# Object Detection
______

## RetiaNet

- Object detection model `RetinaNet` has been formed by making two improvements
  over existing single stage object detection models - Feature Pyramid
  Networks and Focal Loss.

![image](../assets/retianet.png)

**Feature Pyramid Network**
- Feature image pyramids used to detect objects with varying scales in an image. 
- In feature image pyramids, we take an input image and subsample it into lower
  resolution and smaller size images
- With the advancements of deep learning, we now use the pyramidal hierarchical
  structure with CNNs.  
- In a CNN architecture, the output size of feature maps decreases after each
  successive block of convolutional operations, and forms a pyramidal
  structure.

**Focal Loss**
- Focal Loss is an enhancement over Cross-Entropy Loss and is introduced to
  handle the class imbalance  problem with single-stage object detection
  models.
- Single Stage models suffer from a extreme foreground-background class
  imbalance problem due to dense sampling of anchor boxes 
- Focal Loss reduces the loss contribution from easy examples and increases the
  importance of correcting misclassified examples.

**<span class="label label-success">Advantages</span>**
- Highest accuracy object detectors to date are based on a two-stage approach
  popularized by R-CNN 
- Surpassing the accuracy of all existing state-of-the-art two-stage detector

## UNETs

**UNet** is a fully convolutional network (FCN) used for image segmentation.
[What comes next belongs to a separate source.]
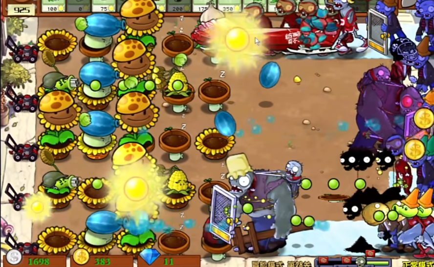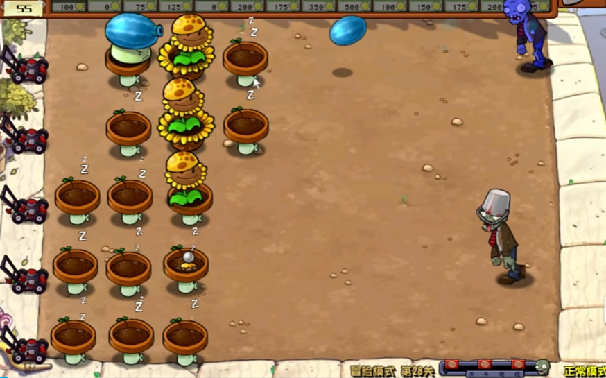 在最后的防御完善阶段,你需要构建最终防线以抵挡最强力的僵尸进攻。此时应将防御重点进一步转向右侧,在最右侧的后排位置补充部署多个冰冻西瓜大喷菇。这种植物不仅能造成可观的群体范围伤害,其附带的减速效果能极大延缓僵尸群的推进速度,是后期控场与输出的核心。在冰冻西瓜大喷菇前方,需要继续补充磁力坚果,形成坚固的保护墙,确保后排输出单位的安全。在整个关卡过程中,要始终留意僵尸的进攻节奏,将寒冰窝瓜和樱桃辣椒这类一次性消耗植物留作应急手段,在僵尸大量聚集或高强度僵尸突破防线时及时使用。仙人三叶草则用于专门应对可能出现的气球僵尸,避免它们绕过你的地面防线。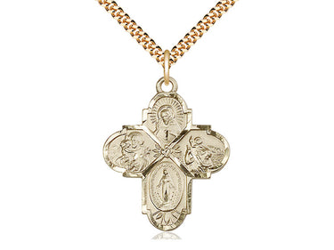 Embrace your faith with timeless elegance. This exquisite Gold Filled 4-Way Necklace, measuring 1 1/4 x 1, is meticulously handcrafted in the USA by Bliss, a renowned name in religious jewelry. The durable 24-inch Gold Filled curb chain gracefully drapes with a secure lobster clasp for a comfortable, everyday wear.

The
goal is to predict each pixel's class in an image.

**Architecture**
- Three Main Components):
	- Encoder or Downsampling Path
	- Bottleneck
	- Decoder or Upsampling Path

**Downsampling Path:**
- Consists of two convolution layers each followed by a ReLU activation
  function and a 2x2 max pooling  operation for `downsampling`.
- At each `downsampling` step we double the number of feature channels

**Bottleneck:** 
- part of the network is between the contracting and expanding paths. The
  bottleneck is built from 2  convolutional layers (with batch normalization)
  and with dropout.

**Upsampling Path:**
- Every step in the decoder path consists of an `upsampling` of the feature map
  followed by a 2x2  convolution, a concatenation with the corresponding
  feature map from the `downsampling` path, and two convolutions layers, each
  followed by a ReLU.

**Final Layer:** 
- A 1x1 convolution is used to map each feature vector to the desired number of
  classes. 

**Loss function:** 
- The energy function is computed by a pixel-wise softmax over the final
  feature map and then applied cross-entropy loss function.

### Metrics 
- `IoU (intersection of union)` -> Area overlap / Area of Union 

**<span class="label label-info">Notes</span>**

- Means converting a high resolution image to a low resolution image. By down
  sampling, the model better understands `What` is present in the image, but
  it loses the information of `Where` it is present.

**<span class="label label-success">Advantages</span>**

- UNet combines the location information from the downsampling path to finally
  obtain a general information combining localisation and context, which is
  necessary to predict a good segmentation map.